The second piece of advice I'd give, especially to autobiographical bloggers like myself, is don't WHINE. We all have our burdens, some larger than others. Being open and real about those is important, and healing, and can help someone else with the pain of their own life, or with understanding the pain of a friend or lover. I try to be an alchemist - turning the manure-coated straw of my life (the abusive childhood in a cult, horrible marriage, and multiple mental illnesses) into gold. Depression may not be avoidable, but optimism, activism, and just making yourself do one thing everyday, even if it's just writing a post that says, "I feel like hell, but I'll be back tomorrow" ARE choices we can all make (or not) every day. Will my blog help someone else? Then it's time to click post. Is it just self-serving whinging? Then maybe it needs a few edits, or I need to take a few deep breaths, or at the least I can include a link to the Suicide Hotline.

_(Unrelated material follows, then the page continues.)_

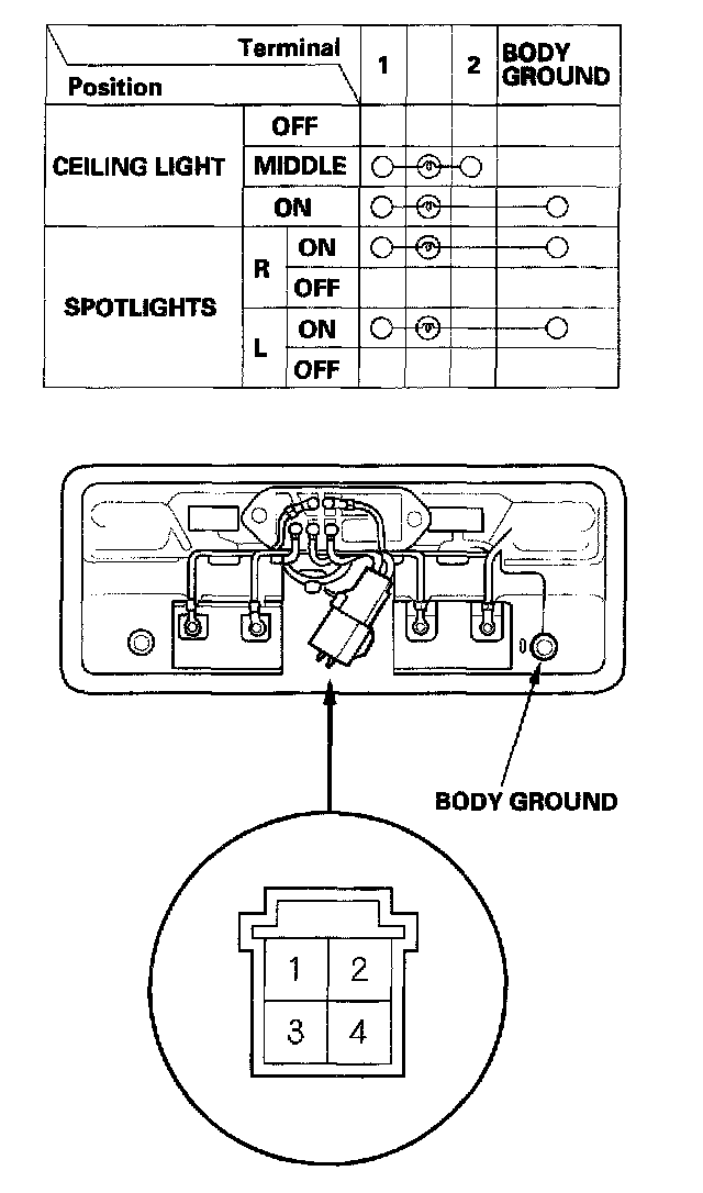 Ceiling Light/Spotlight Test1. Turn the ceiling spotlights switch OFF.
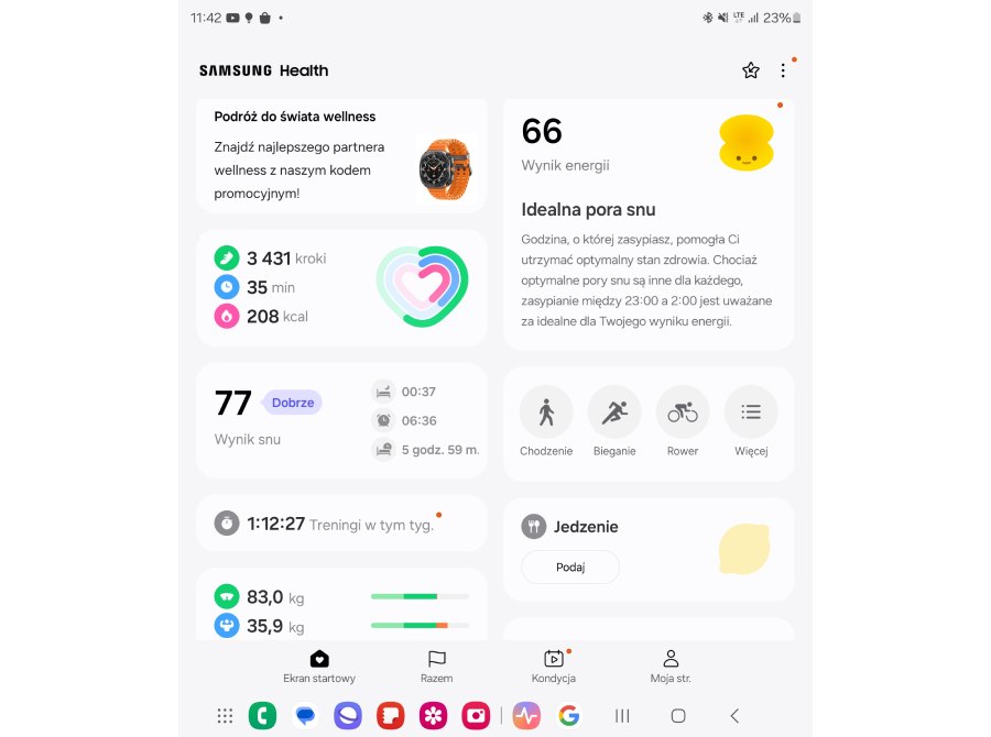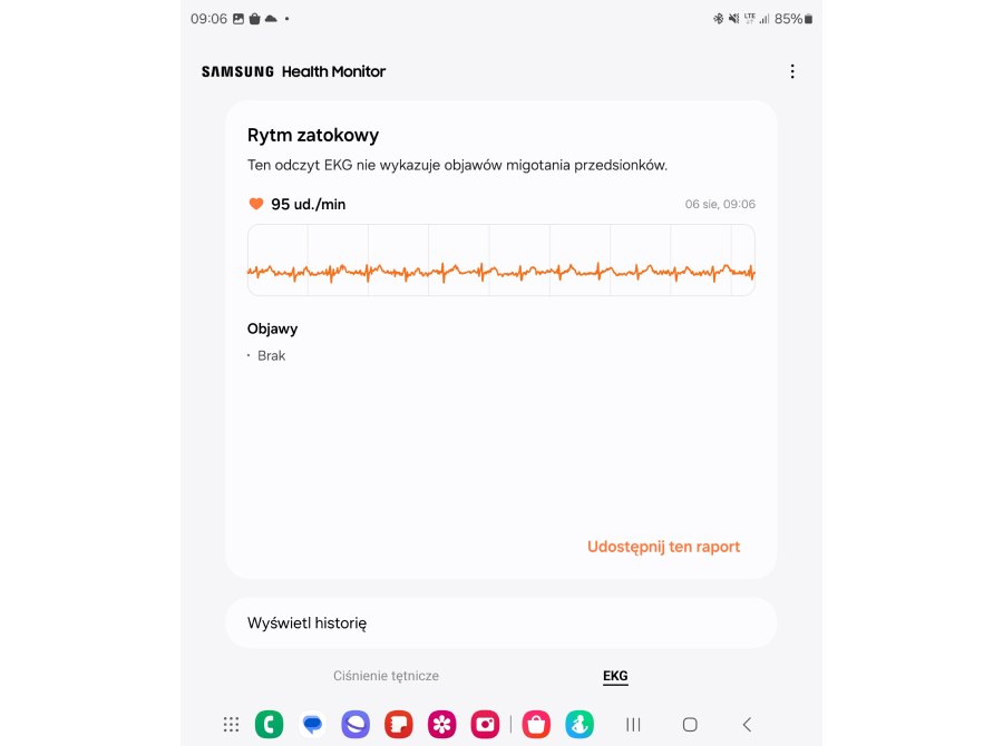 Warto też mieć na uwadze, że ten najmocniejszy ze smartwatchy Samsung pokazuje pełnię możliwości ze smartfonami z ekosystemu Galaxy. Tylko w tym przypadku można korzystać z funkcji Galaxy AI, czyli wyniku energetycznego i propozycji odpowiedzi na wiadomości, gestu podwójnego szczypnięcia, EKG czy wykrywania bezdechu sennego i powiadamiania o nieregularnym rytmie serca.

My goal with blogging is simple, yet hard to pin down. I want to write. I want to communicate with the world - to connect - and I want to invite people to connect with me, and each other, as well. Whether I'm Messin' with Mormons, debunking Christian apologetics, or confessing how woefully unskeptical I have been most of my life, it's a way of connecting.

For me blogging is about being naked, being real. I think it can be tempting to paint ourselves beautiful - to treat blogs like resumes and only show our "good" parts, but that's not the connection I'm looking for. I want to show all of who I am, and be able to be proud of it. Blogging, and knowing I blog, keeps me honest. As a Sunday School teacher in my early 20s, I used to ask myself, "Is this something I'd be embarrassed to have the kids know about?" Now I ask myself, "Is this something I can tell the whole world about with no shame, no airbrushing, no creative reinterpretation?" Living my life openly helps me to lead a life I can be proud of, because I am done with secrets and shame.

I've talked about painfully personal things - my failed marriage, my mental illnesses, my status as a rape survivor. I've talked about controversial things - my stance against spanking in the home, my anti-theistic outlook on religion, my recent abortion. I talk about everything. I reject the idea that a blog must only be about one thing, or one topic, or one cause, or one style. When I hear about something upsetting and important, something which needs our action, I write about it. And when I'm in desperate need of a laugh, I compile all my favorite blasphemous stand-up in one place.

My name is Angie and I am an autobiographical blogger. This is the story of me, told through words and pictures, stories and songs. This is how I see the world and how I see myself. It's not an approach for everyone, but for me the benefits aren't counted in blog hits or YouTube subs or ad revenue. The benefit of blogging is meeting other real people, with real strengths and weaknesses, passions and pitfalls, who see me for who I am and still say, "I like you."

So, my Anteaters, was it good for you?